Mon rôle au sein de ce collectif de dirigeants est de l’accompagner dans sa capacité à projeter l’entreprise dans une vision et une mission partagées, à définir ou soutenir les
stratégies qui permettront de réaliser cette ambition et enfin à engager les collaborateurs dans cette aventure collective.
Les mener « à bon port » dans le respect de leur personne et par le développement de leurs talents et de leurs compétences nourrit la fierté du DRH dans sa mission !

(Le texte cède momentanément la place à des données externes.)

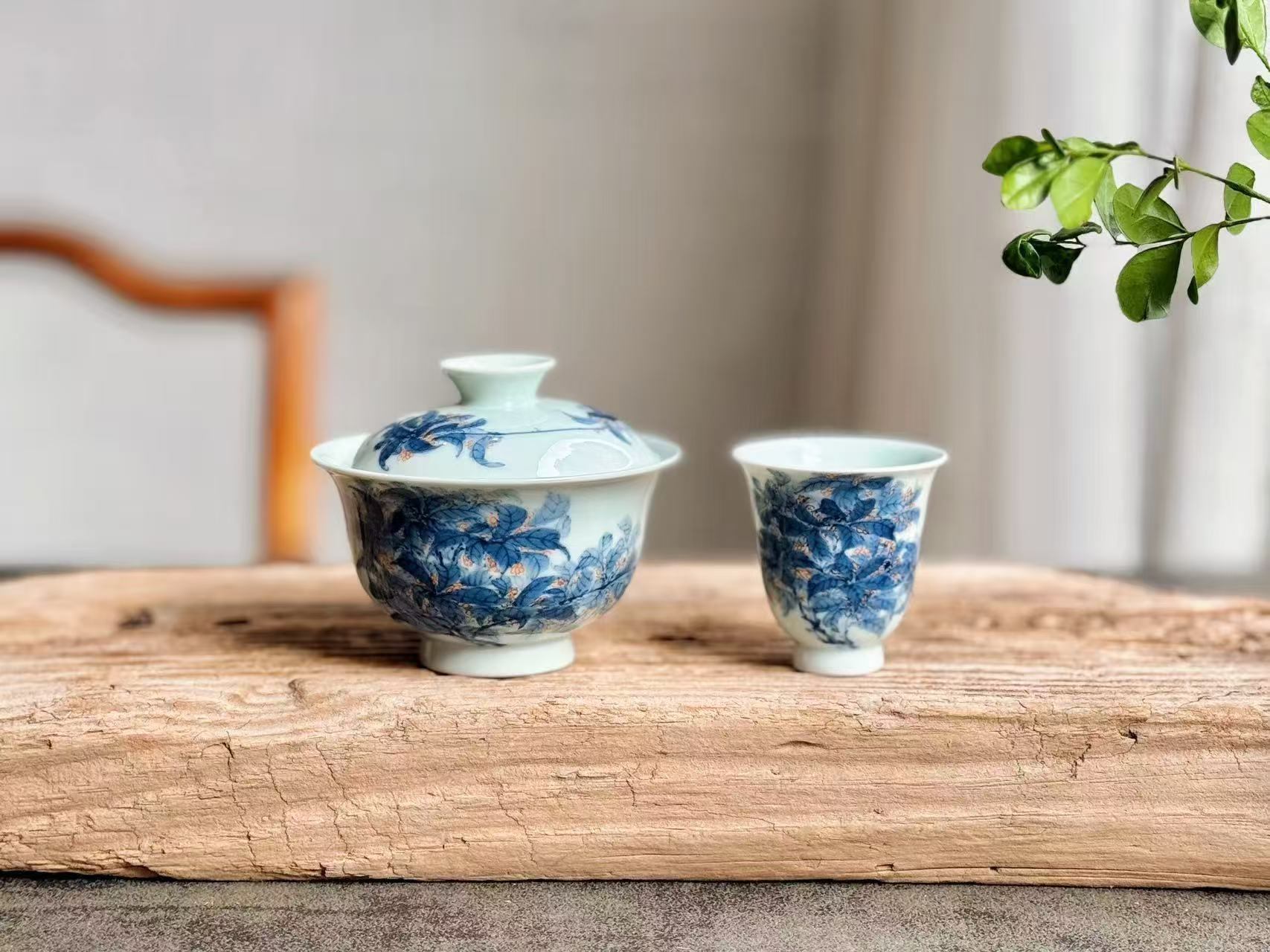基于上述考量,最终向朋友推荐的,正是符合特征、名为《金桂飘香》的青花加彩小品茗杯。

LIEN STRUCTURE DU CAPITAL-CULTURE D’ENTREPRISE
Mon parcours professionnel m’a amené à travailler dans des entreprises très différentes notamment du point de vue capitalistique. Je fais le constat que la structure du capital influence fortement la culture de l’entreprise, son mode de management, son rapport au temps, ou encore la stabilité de sa gouvernance. Les entreprises cotées en bourse, souvent mondiales, sont tributaires d’une obligation de performance quasi quotidienne, évaluée publiquement et sanctionnée par le cours de bourse, impliquant une capacité de réaction presque immédiate au détriment d’une permanence dans l’action. L’actionnaire est de fait souvent désincarné, volatile, exigeant et spéculatif. Il est perçu par les salariés (mais aussi par leurs dirigeants) comme une « puissance » lointaine, méconnue, attirée par le gain financier et rétive à la prise de risque pour le développement de l’entreprise. Les intérêts de l’actionnaire divergent de ceux des salariés. Ces entreprises vivent des tensions irréconciliables que la mondialisation exacerbe toujours plus. Le comité de direction peine à gouverner, le management se désengage, le cynisme se répand et le dialogue social ne peut plus fonctionner sereinement.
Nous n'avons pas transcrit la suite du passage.